Bulls and White Sox Chairman Jerry Reinsdorf has always had his detractors, even while bringing seven championships to this city over the last three decades. Many Sox fans blamed Reinsdorf for his role as a hawk in the 1994 players strike that canceled the season with his team in first place. And as “The Last Dance” reminds us, he made the worst decision by a Chicago sports executive in history, choosing Bulls general manager Jerry Krause over coach Phil Jackson, which led to Michael Jordan’s departure.

Cubs Chairman Tom Ricketts had an easy act to follow when his family bought the team from Tribune Co. in 2009. But Ricketts quickly learned that ending the team’s 108-year championship drought in 2016 didn’t provide him with a lifetime pass from Cubs fans spoiled by the success of the rebuild, and he was booed at the Cubs Convention this year for moving telecasts to a team-owned channel many couldn’t watch.

And as much as everyone respects Bears owner Virginia McCaskey, there has never been any love lost for her two sons who have run the team, Michael and George.

But you seldom hear a discouraging word about Wirtz, and if you do, it’s usually in hushed tones.
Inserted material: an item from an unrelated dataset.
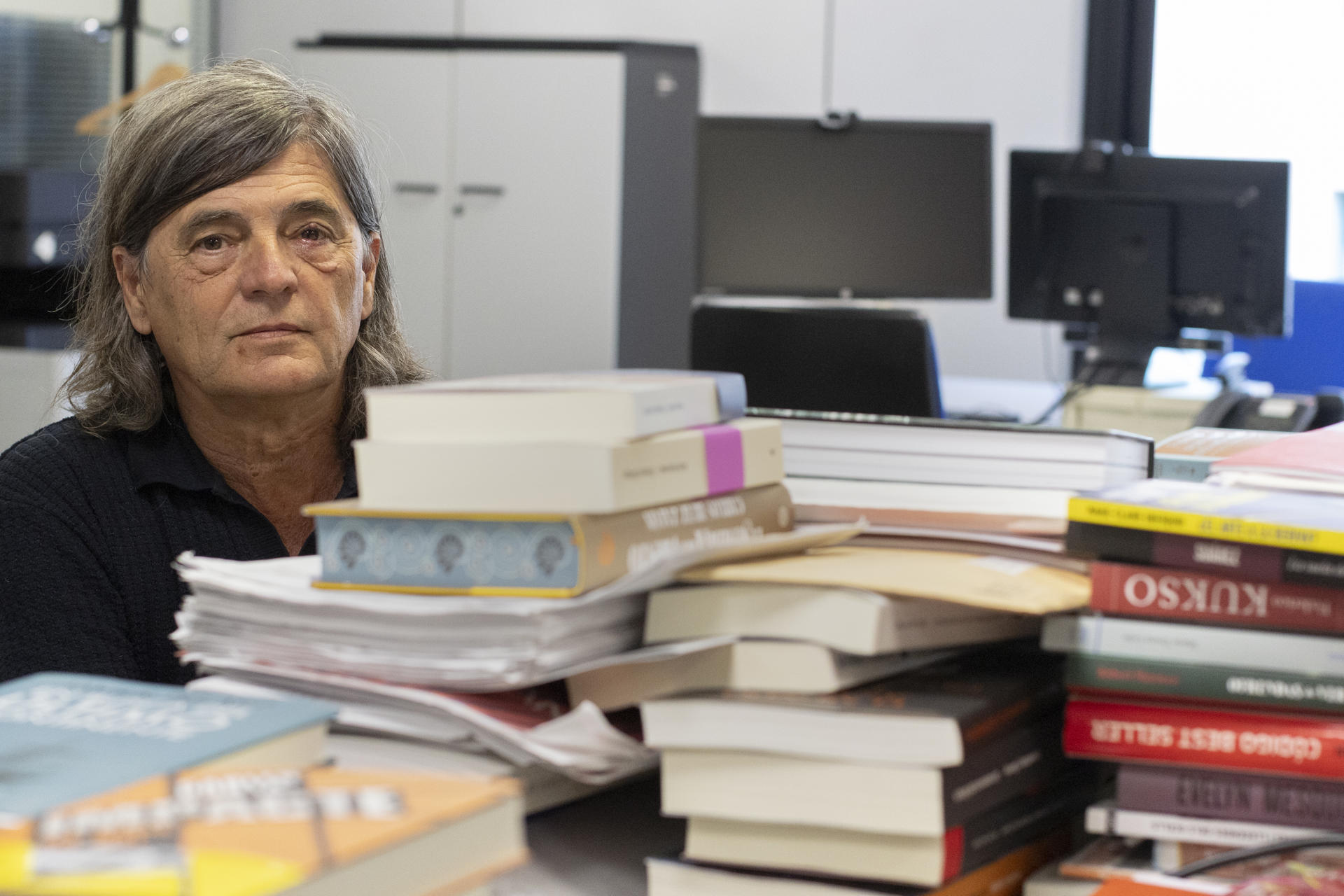 Como buen periodista cultural, su mesa de trabajo es algo así como un fuerte construido por montañas de libros que le “protegen” pero también lo proveen de herramientas para salir “ahí fuera” bien armado con lo aprendido y disfrutado. El periodista reconoce que los libros también forman barricadas en su casa, donde vive “amenazado” por no hacer limpieza de un arsenal de lectura que incluso ha empezado a esconder en los armarios de los hijos que ya se fueron de casa. “Intento ganar tiempo, muevo libros de aquí para allá”, reconoce sobre sus “trampas” para no enfrentarse a la limpia de ejemplares que impone la finitud del espacio físico.

How can you possibly dislike someone nicknamed “Rocky”?

One reason for his quick acceptance in Chicago was the man he replaced, his father, Bill, happened to be one of the most disliked owners ever, nicknamed “Dollar Bill” for his frugal ways.

To his credit, Rocky immediately rejected the backward business model his father built, putting home games on TV and hiring marketing expert John McDonough away from the Cubs to run the organization.

But after McDonough was abruptly fired as Hawks president without reason Monday, we’ll soon find out whether Rocky’s Teflon image will also bite the dust. After all, McDonough made Wirtz, whether the Hawks chairman cares to admit it or not.

It was McDonough who transformed the Hawks from laughingstock to league power, who brought back iconic players Bobby Hull, Stan Mikita and Tony Esposito as team ambassadors and who rehired beloved broadcaster Pat Foley after the Hawks had let him go for being too honest about the team.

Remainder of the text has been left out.